In this embodiment, the number of balls 18 is two, and each ball 18 has a small diameter, so that the width of the acceleration sensor 36 housed in the winding device 34 can be narrowed, as shown in FIG. Therefore, the width L4 of the winding device 34 can be made narrower. Therefore, the winding device 34 is downsized and the degree of freedom in vehicle arrangement is increased, so that various effects such as easing restrictions on the layout of the vehicle interior are achieved.

In addition, in the direction perpendicular to the width of the take-up device (the direction perpendicular to the plane of the paper in Figure 4), a space is required to accommodate the wound webbing, so two balls are placed in parallel in this direction. However, there is still enough space to accommodate this. Therefore, there is no risk that other parts of the winding device will become wider due to the narrower width.

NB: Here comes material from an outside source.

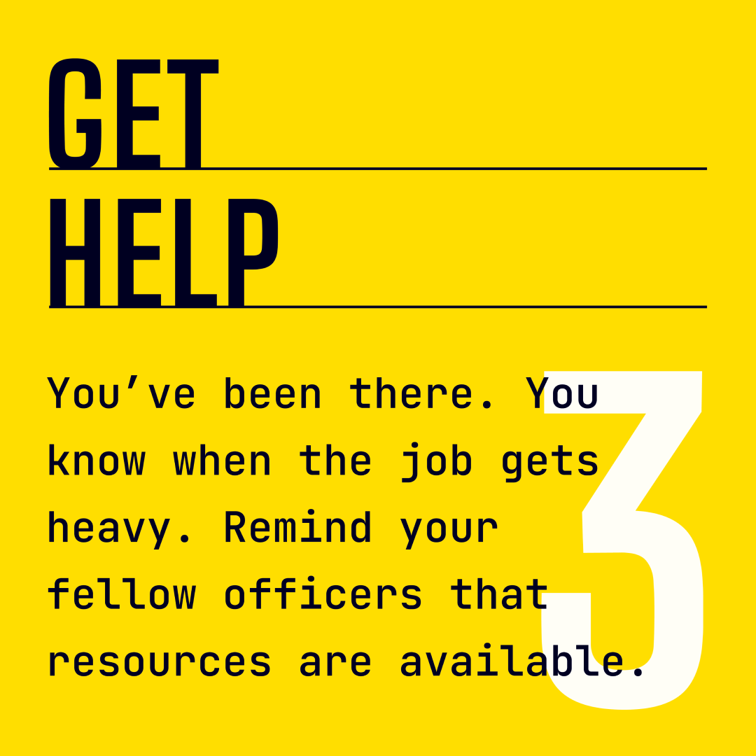 Get help. You’ve been there. You know when the job gets heavy. Remind your fellow officers that resources are available.

In the above embodiment, an example was shown in which two balls were provided, but it is also possible to provide three or more balls.

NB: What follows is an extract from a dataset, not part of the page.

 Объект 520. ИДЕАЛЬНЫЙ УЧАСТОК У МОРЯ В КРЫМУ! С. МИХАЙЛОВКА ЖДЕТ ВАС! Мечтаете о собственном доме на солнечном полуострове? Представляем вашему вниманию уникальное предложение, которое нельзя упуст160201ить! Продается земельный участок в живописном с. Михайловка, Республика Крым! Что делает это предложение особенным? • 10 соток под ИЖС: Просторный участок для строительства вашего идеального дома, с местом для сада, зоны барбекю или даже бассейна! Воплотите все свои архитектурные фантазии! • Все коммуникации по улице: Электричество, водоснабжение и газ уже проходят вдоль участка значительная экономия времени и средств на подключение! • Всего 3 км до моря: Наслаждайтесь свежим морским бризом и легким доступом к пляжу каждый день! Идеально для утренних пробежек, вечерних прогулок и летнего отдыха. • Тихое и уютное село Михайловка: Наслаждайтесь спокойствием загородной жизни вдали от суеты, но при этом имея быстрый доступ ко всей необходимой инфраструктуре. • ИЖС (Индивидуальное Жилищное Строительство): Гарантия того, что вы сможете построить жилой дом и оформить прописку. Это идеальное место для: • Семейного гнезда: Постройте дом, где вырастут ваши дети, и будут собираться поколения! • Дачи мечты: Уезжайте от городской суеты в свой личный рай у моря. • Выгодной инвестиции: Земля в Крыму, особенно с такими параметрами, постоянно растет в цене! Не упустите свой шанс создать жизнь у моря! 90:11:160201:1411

Further, in the embodiment described above, an example was shown in which the elongated hole 22 was provided in the center of the ball case 20, but this elongated hole is not necessarily required.

Furthermore, in the above embodiment, the inclined surface of the ball case 20 is set at a different angle of inclination in each part, but the inclined face of each part of the ball case 20 is set at the same angle of inclination, and instead, the inclined surface of each part of the ball case 20 is set at a different angle of inclination. The same effect can be obtained by forming inclined surfaces with different inclination angles.

[Effect of idea]

As explained above, in the acceleration sensor according to the present invention, a plurality of balls are arranged in the elongated ball case along the longitudinal direction of the ball case to shorten the width dimension of the acceleration sensor. This has the effect that the width dimension of the portion where the winding device is accommodated can be shortened, and therefore the width dimension of the winding device can be shortened.

[Brief explanation of the drawing]

1 to 4 show an embodiment of the acceleration sensor according to the present invention, FIG. 1 is an exploded perspective view, FIG. 2 is a longitudinal sectional view of the ball case, and FIG. 3 is a direction orthogonal to FIG. 2. 4 is a schematic front view showing a winding device in which an acceleration sensor according to an embodiment of the present invention is housed, and FIG. 5 is a schematic front view showing a winding device in which a conventional acceleration sensor is housed. . 18...Ball, 20...Ball case, 24
... Inclined surface, 28 ... Actuator.

Claims (1)

[Scope of utility model registration request] It is operated by an elongated ball case with a slope on which the ball climbs when acceleration is applied, a plurality of balls arranged in the ball case along the longitudinal direction of the ball case, and balls that climb up the slope. An acceleration sensor equipped with an actuator and an actuator.